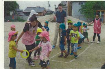
(みんなで リレーごっこ)
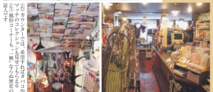
（右）カウンタレでは、希望すればタバコやマチのコレクションも見せてもらえる （左）風俗コーナーも二興なら歴史の証人です
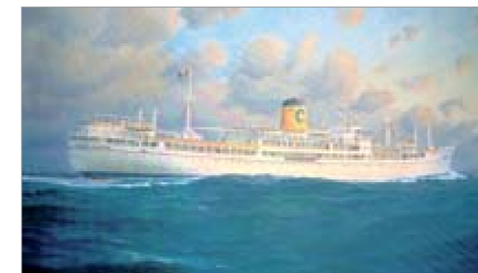
Stephen J Card - Andrea C - 1946/1982

Alle rotte Sudamericane vengono destinate la Andrea C e la Giovanna C . La Linea C inizia ad impiegare le navi per vere e proprie crociere e tra le prime crociere si ricordano quelle nel Mediterraneo della Andrea C nel 1952 e della Anna C nel 1953. Il varo di navi lussuose, dotate di aria condizionata nella prima e nella seconda classe e di ambienti confortevoli ed eleganti, un servizio impeccabile che prevede ospitalità, comfort e ricette della migliore tradizione mediterranea, contrassegnano l'indiscutibile stile italiano della compagnia. Stile che raggiunge il massimo della rappresentatività negli allestimenti, nell'arredamento e nelle linee architettoniche. Nel 1957 viene inaugurata la prima nave commissionata da Costa ai cantieri genovesi dell'Ansaldo, la Federico C , ancora suddivisa in tre classi, dotate di ristorante e piscine dalle forme ardite. Successivamente Bianca C , Enrico C , Andrea C , Flavia , Fulvia e Carla C vengono ristrutturare nell'ottica di offrire qualcosa di più di un semplice mezzo di trasporto. Nel 1959 la Costa realizza la prima nave al mondo completamente dedicata alle crociere di svago negli Stati Uniti e nei Caraibi: la Franca C , a cui viene affiancata nei mesi invernali la Anna C , che propone mini crociere per le Bahamas. Nei primi anni '60 alle rotte del Sud America o dei Caraibi si affiancano le crociere nel Mediterraneo, nel Mar Nero, in Brasile, Uruguay e Argentina, fino allo stretto di Magellano e all'Antartico.
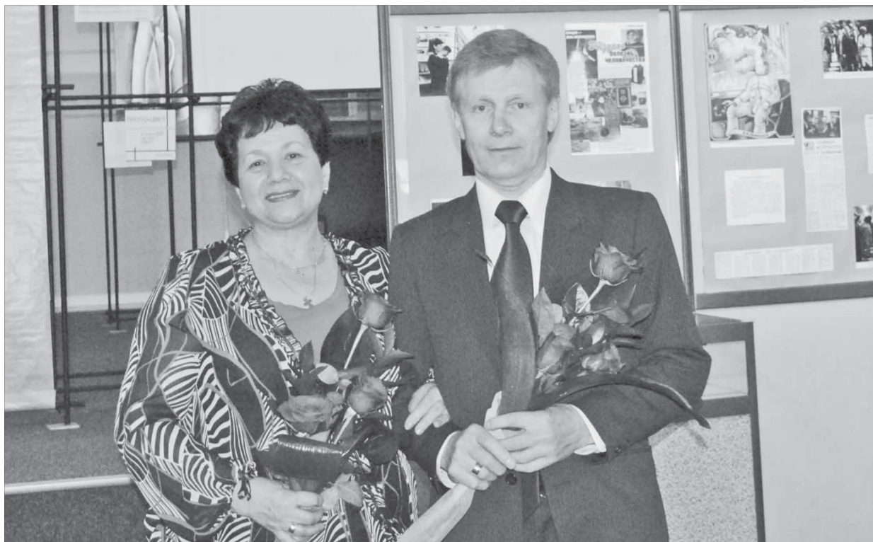
На награждении в День медицинского работника
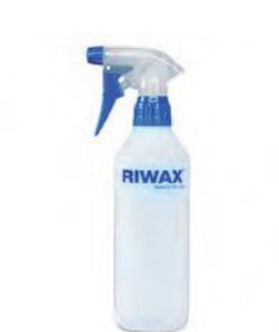
MINI SPRAYER 500 ML
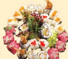
s44. Family Box 27st. € 41,50
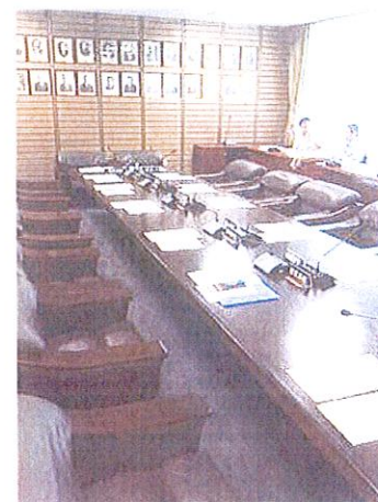
6月県議会にむけて議会運営委員会が開かれ、会期を6月11日からとすることで合意しました。補正予算など16議案他が予定されていて、午後の県議団会議でレクチャーを受けましたが、何も特典はありません。(松坂県議のブログから)
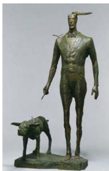
「ホルテラの詩人」(2010年・日展)
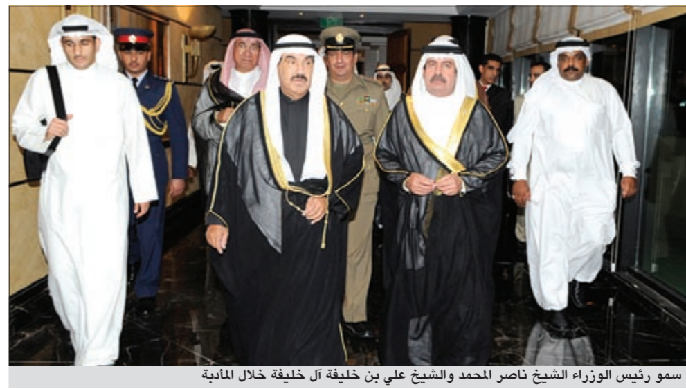
سمو رئيس الوزراء الشيخ ناصر المحمد والشيخ علي بن خليفة آل خليفة خلال المأدبة

المحمد بن عيسى آل خليفة ورئيس الوزراء الأمير خليفة بن سلمان آل خليفة الأولى لجميع الصحف البحرينية كما تناولت الصحف في افتتاحياتها تحليلات لأثر الزيارة ونتائجها وما تعنيه من توثيق الروابط الأخوية لكل من دولة الكويت ومملكة البحرين. ومن جهتها قالت صحيفة
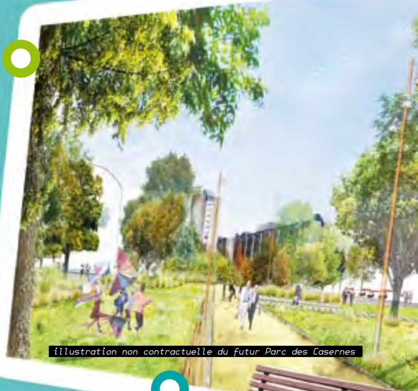
illustration non contractuelle du futur Parc des Casernes
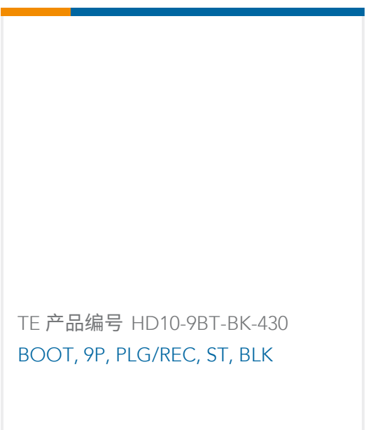
TE 产品编号 HD10-9BT-BK-430 BOOT, 9P, PLG/REC, ST, BLK
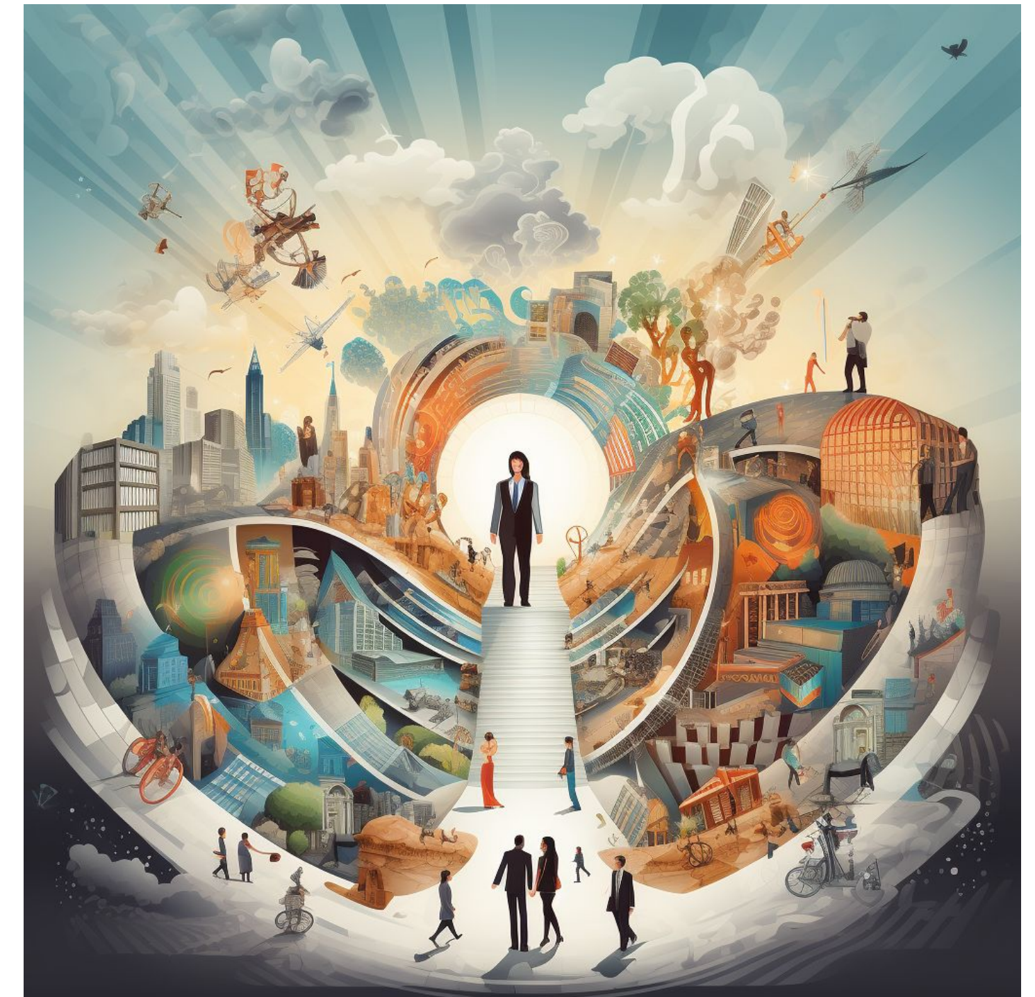
AI tolkar seminariet i bild

De betonade vikten av att inkludera fler i entreprenörskapet, minska trösklarna för att starta företag och fortsätta utveckla kompetensen hos både entreprenörer och anställda.

************

## PROBLEM TO SOLVE
Return every line of the entries above that the string "خليفة" appears in.

## RESULT FOR THIS TASK
سمو رئيس الوزراء الشيخ ناصر المحمد والشيخ علي بن خليفة آل خليفة خلال المأدبة
المحمد بن عيسى آل خليفة ورئيس الوزراء الأمير خليفة بن سلمان آل خليفة الأولى لجميع الصحف البحرينية كما تناولت الصحف في افتتاحياتها تحليلات لأثر الزيارة ونتائجها وما تعنيه من توثيق الروابط الأخوية لكل من دولة الكويت ومملكة البحرين. ومن جهتها قالت صحيفة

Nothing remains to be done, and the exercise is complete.